Accordingly, Mbembe (2015: 148) contends that “[m]any things are not simply set by side; they also resemble each other”. This view is also buttressed by Tendi (2010: 171) who argues that the patriotic history has been reproduced in some quarters of the revisionist and oppositional narrative because of the utility and familiarity of the distinction between ‘patriots’ and ‘sell-outs.’
Revisionist and oppositional narrative is what Mbembe (2015: 165) describes as a “chameleon” that changes depending on its location. This chameleon-like character is what Bhabha (2012: 121) refers to as a “camouflage”, an effect of mimicry. It was made abundantly clear that the role and status of an autobiography continue to be paradoxical because it can be objective and subjective in the presentation and evaluation of events of history. This insight was confirmed by the fact that most autobiographies have tendencies of highlighting the ‘good side’ of issues.

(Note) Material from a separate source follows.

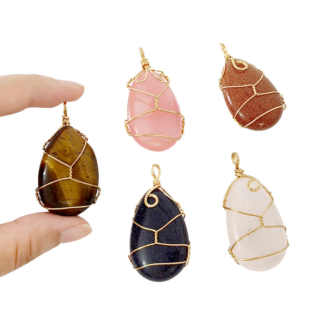 Colliers de pierres précieuses, pierre gemme, avec 2lnch chaînes de rallonge, pendule, Placage de couleur d'or, naturel & différents matériaux pour le choix & chaîne ovale, 36- Environ 18 pouce, Vendu par brin
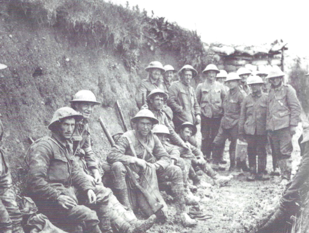 A ration party of the Royal Irish Rifles resting in a communications trench at the Somme, 1 July 1916.

It is a writing trait typified by Muzorewa as a particular writer who deliberately ignored to document certain events concerning certain miscalculations that could disgrace his own personality as a nationalist.
However, Maposa’s study revealed that autobiographies, as a literary genre, can be taken as important sources of national history in so far as they show how historical events affected the writer and, in the process, how those events affected others. In so far as they can complement each other to provide a holistic picture of the history of the nation, an autobiography can, in that regard eliminate bias that is stark in the history of a nation. Disclaimer: The opinions expressed here do not necessarily reflect those of my employer and this newspaper but solely my personal views as a citizen.